Problem requirements:
When you reach the line containing "Shadow’s cancer fund", begin reproducing the material exactly, stop after the line containing "Découvrez le maillot", and leave out any pictures along the way.
━━ Provided records ━━
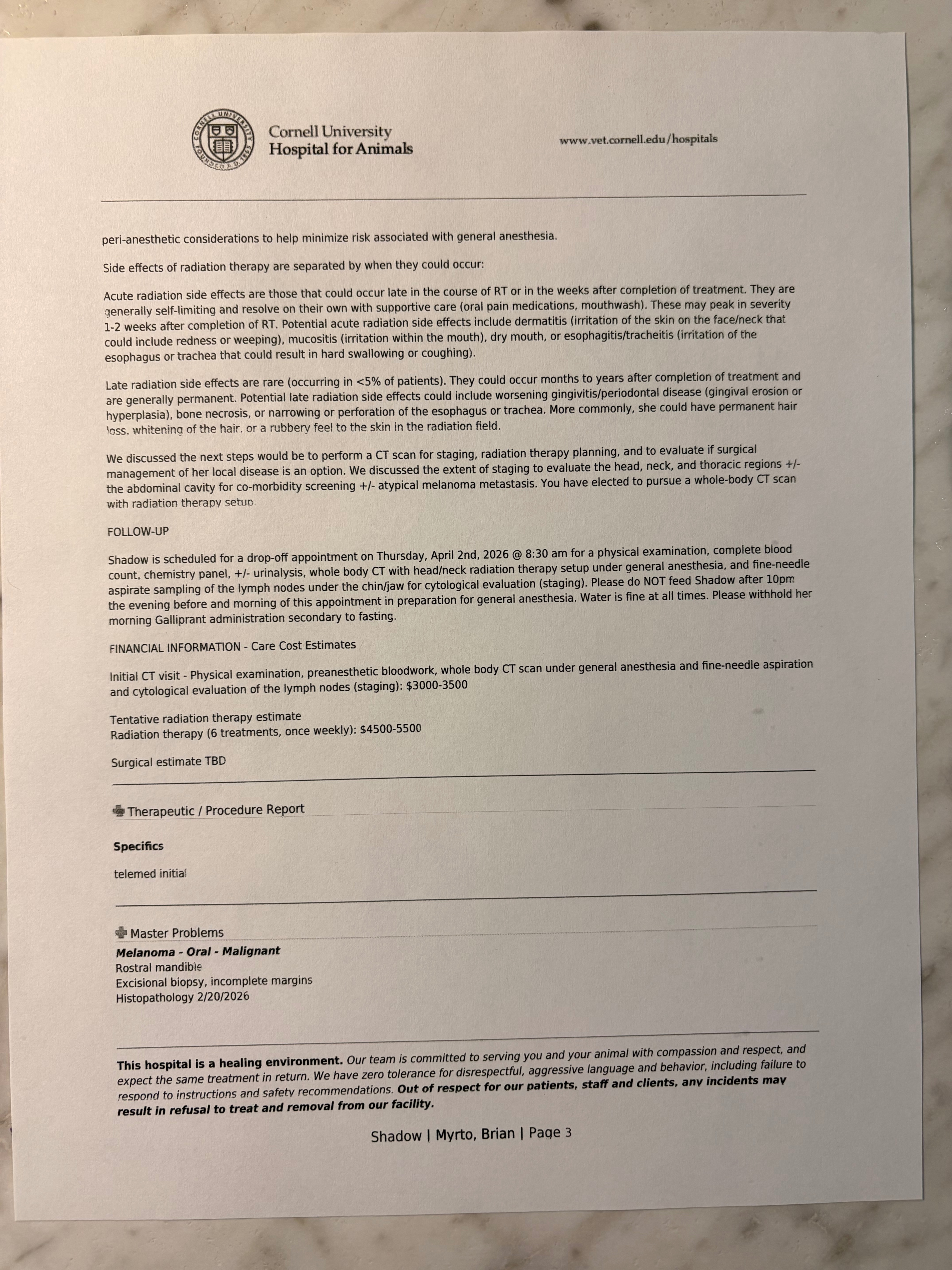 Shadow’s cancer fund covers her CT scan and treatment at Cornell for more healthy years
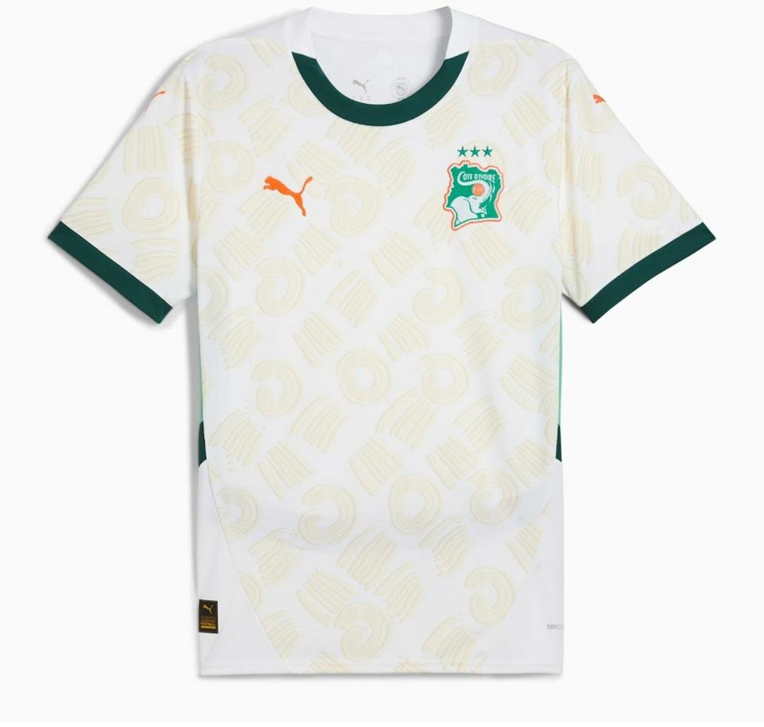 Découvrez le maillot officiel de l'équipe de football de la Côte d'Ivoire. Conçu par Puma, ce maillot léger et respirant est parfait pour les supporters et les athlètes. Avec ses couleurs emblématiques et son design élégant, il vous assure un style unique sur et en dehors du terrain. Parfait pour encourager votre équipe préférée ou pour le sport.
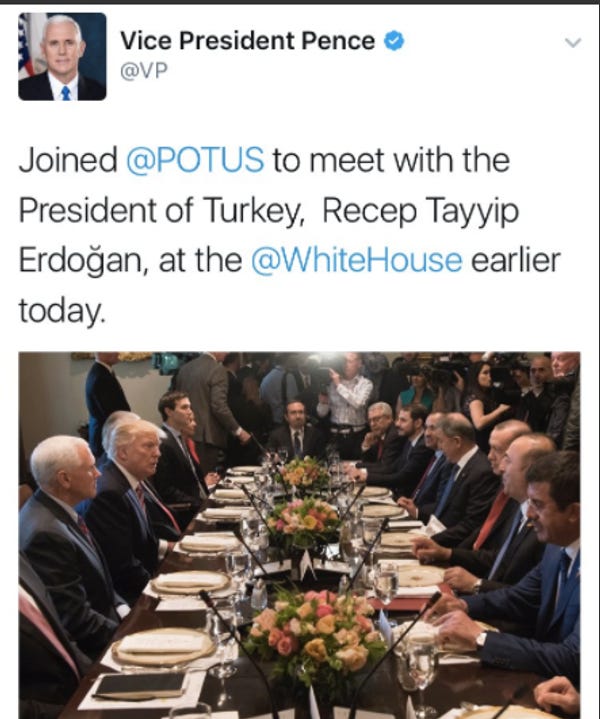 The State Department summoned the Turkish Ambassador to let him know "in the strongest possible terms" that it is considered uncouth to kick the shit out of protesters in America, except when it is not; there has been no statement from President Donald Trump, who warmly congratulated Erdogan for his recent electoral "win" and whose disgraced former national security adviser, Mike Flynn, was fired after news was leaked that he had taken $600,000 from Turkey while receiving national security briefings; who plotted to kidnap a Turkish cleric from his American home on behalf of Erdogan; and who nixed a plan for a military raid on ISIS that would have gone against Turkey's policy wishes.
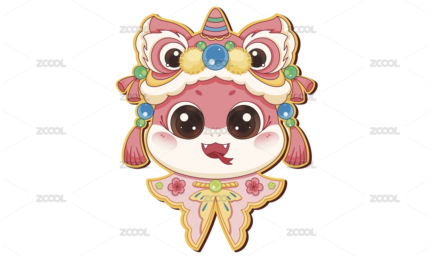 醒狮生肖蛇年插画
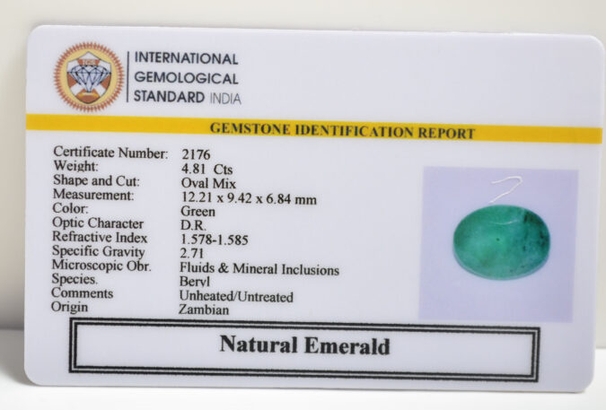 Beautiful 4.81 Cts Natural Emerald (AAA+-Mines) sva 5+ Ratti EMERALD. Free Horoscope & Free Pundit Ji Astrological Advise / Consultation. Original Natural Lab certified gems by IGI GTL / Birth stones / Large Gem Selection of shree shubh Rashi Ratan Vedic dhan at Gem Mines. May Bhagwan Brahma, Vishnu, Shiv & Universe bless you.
━━━
━━ Provided records ━━
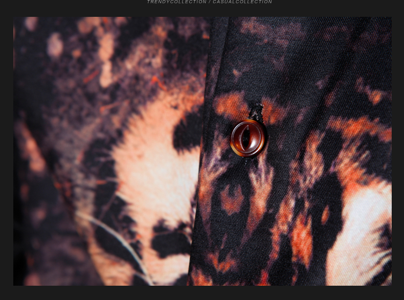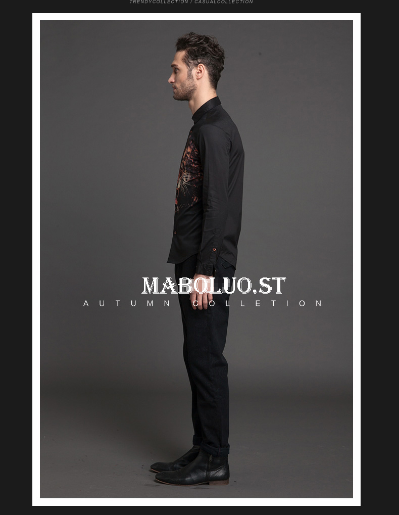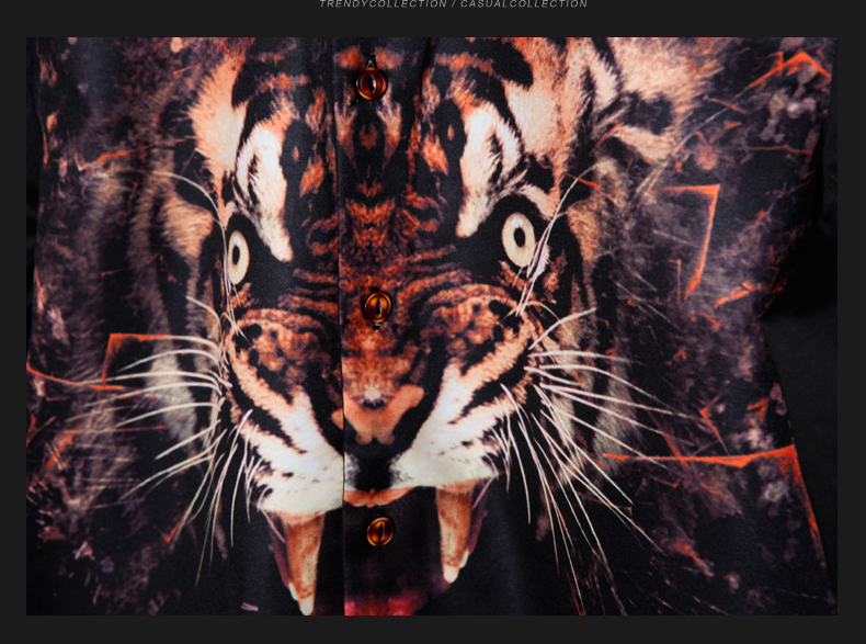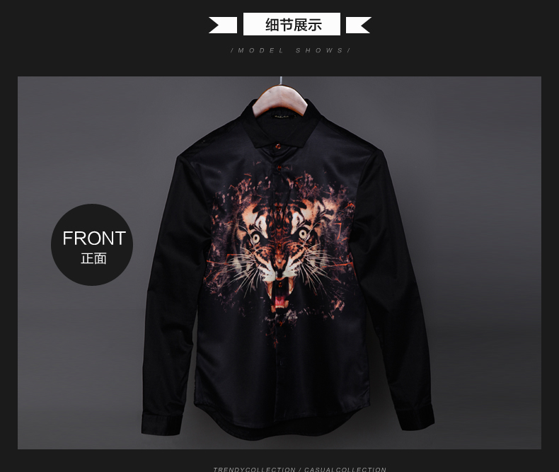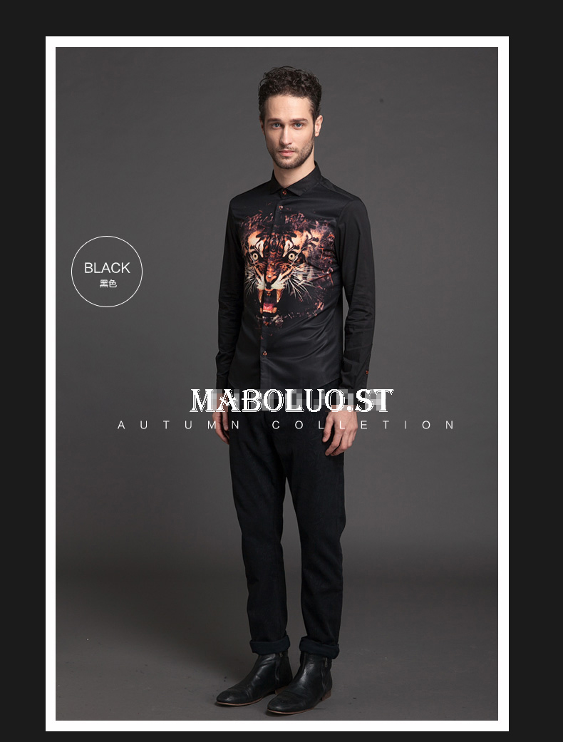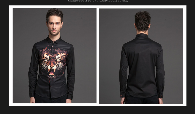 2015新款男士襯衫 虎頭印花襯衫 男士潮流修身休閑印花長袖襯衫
━━━
Output:
 Shadow’s cancer fund covers her CT scan and treatment at Cornell for more healthy years
 Découvrez le maillot officiel de l'équipe de football de la Côte d'Ivoire. Conçu par Puma, ce maillot léger et respirant est parfait pour les supporters et les athlètes. Avec ses couleurs emblématiques et son design élégant, il vous assure un style unique sur et en dehors du terrain. Parfait pour encourager votre équipe préférée ou pour le sport.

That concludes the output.